In the latest PS Insights podcast sponsored by Kimble, Ardi Kolah discusses these questions and others. Kolah advises government agencies and major corporations such as HSBC and Santander on data protection. An acknowledged global expert in the field, he is the director of the GDPR transition programme at Henley Business School in the UK.
Kolah discusses the implications of the law in detail, unraveling various scenarios. In general, he advises that GDPR is a higher standard based on human rights. The best approach to dealing with it is to focus on doing the right thing. “Ask yourself – would I be OK with this use of my data? Is it creepy or cool?” The main right GDPR gives to citizens is the right to transparency – to be able to see where their data is being stored and processed.
Transcript:
Speaker 1: Welcome to the PS Insights podcast series sponsored by Kimble Applications. Professional services organizations strive for efficiency, success, and growth. This series is intended to provide key insights on how to achieve this from industry leaders.

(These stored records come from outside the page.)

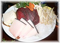 | 3月25日(金) 新しい事業を 能都町商工会で今年度最後のミーティング。昼はかね八でくじらをメインにした食談。やはり、地元の人達の体験に基づいた話しは面白い。合併した内浦、柳田の話しも聞けた。今後の展開として、能登町内を巡回する食談が継続的に行なわれることを期待したい。内浦ではイカや海草料理、柳田ではきのこや山菜、そして、鰻料理など、特長のあるものが楽しめそうです。せいぜい10〜15名程度で密度の濃いお話ができるとよい。夜のミーティングでは、商業活性化のための事業について提案、議論が盛り上がる。観光やUIターンにつながるような事業が可能です。新たな事業展開を期待したい。激しく雪の降り続く中、おそるおそる車を運転しながら帰る。ひどく疲れた能登路でした。 | ![]() くじらのすき焼の食材 |
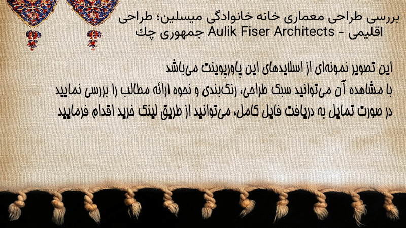 پاورپوینت کامل بررسی طراحی معماری خانه خانوادگی میسلین؛ طراحی اقلیمی Aulik Fiser Architects – جمهوری چک
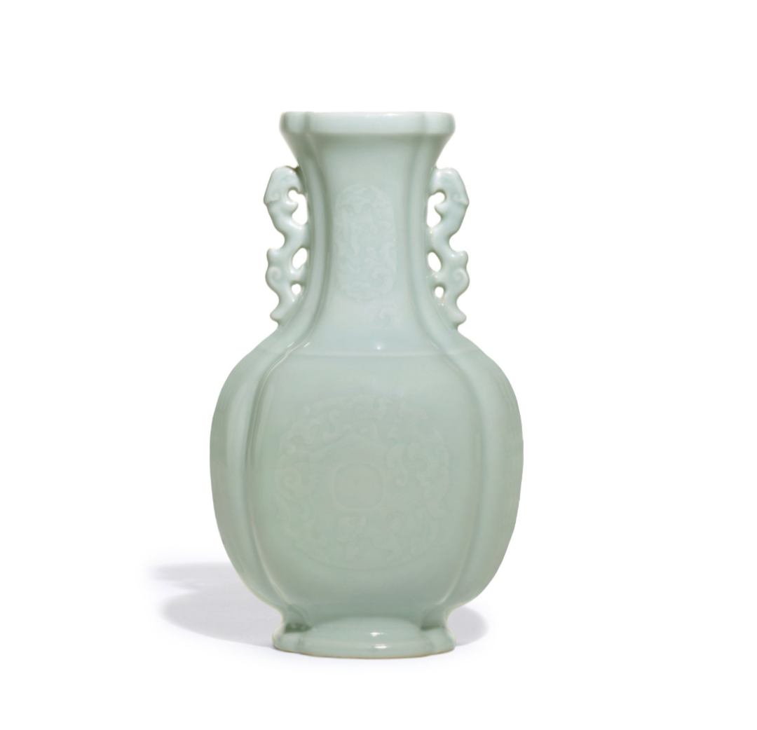 清乾隆粉青釉仿古龙璧纹夔龙耳海棠式瓶
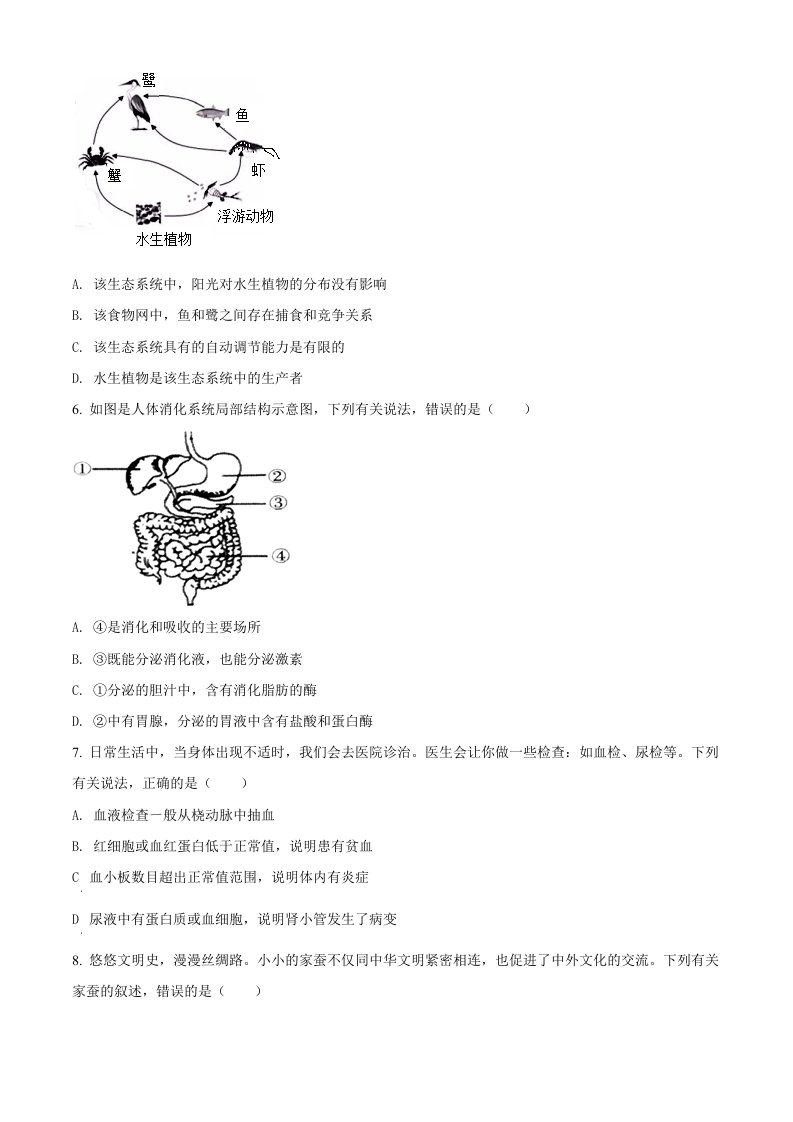 当前位置: 首页初中资源中考真题正文 湖北省鄂州市2021年中考生物试题(空白卷)_共5页 中考真题 2 周前 0 0 5 以上为部分内容预览,如需源文档请登录您的会员账号进行下载! 声明:本站所有文章,如无特殊说明或标注,均为本站原创发布。任何个人或组织,在未征得本站同意时,禁止复制、盗用、采集、发布本站内容到任何网站、书籍等各类媒体平台。如若本站内容侵犯了原著者的合法权益,可联系我们进行处理。 尚学资源永久会员 打赏 收藏 海报 链接

Ian Murphy: Hello. My name is Ian Murphy. Today I’m talking with Ardi Kolah on the challenges presented by the European Union general data protection regulation or GDPR as it is commonly called. Ardi is an Executive Fellow and Director of the GDPR programme at Henley Businesses School, and founder of Go DPO. He’s a former Senior Manager at Accenture and recognized as one of the leading data protection practitioners in Europe. Ardi has cabinet office and ministerial level consultancy experience, and regularly consults for a number of multi-national clients in financial services, banking, automotive, technology, and infrastructure sectors.
Adri Kolah: Thank you very much Ian for inviting me today. I know that many people listening to this podcast are going to be very interested in what’s happening here within the European Union. And really what I’m trying to do today, is to shine a light for them in terms of how that applies within the United States.
Ian Murphy: 25th of May is go live date for GDPR. It’s been talked about now for many years, but there’s still a lot of misunderstanding, misinformation. Can you give us a quick view on exactly what problem it’s trying to solve?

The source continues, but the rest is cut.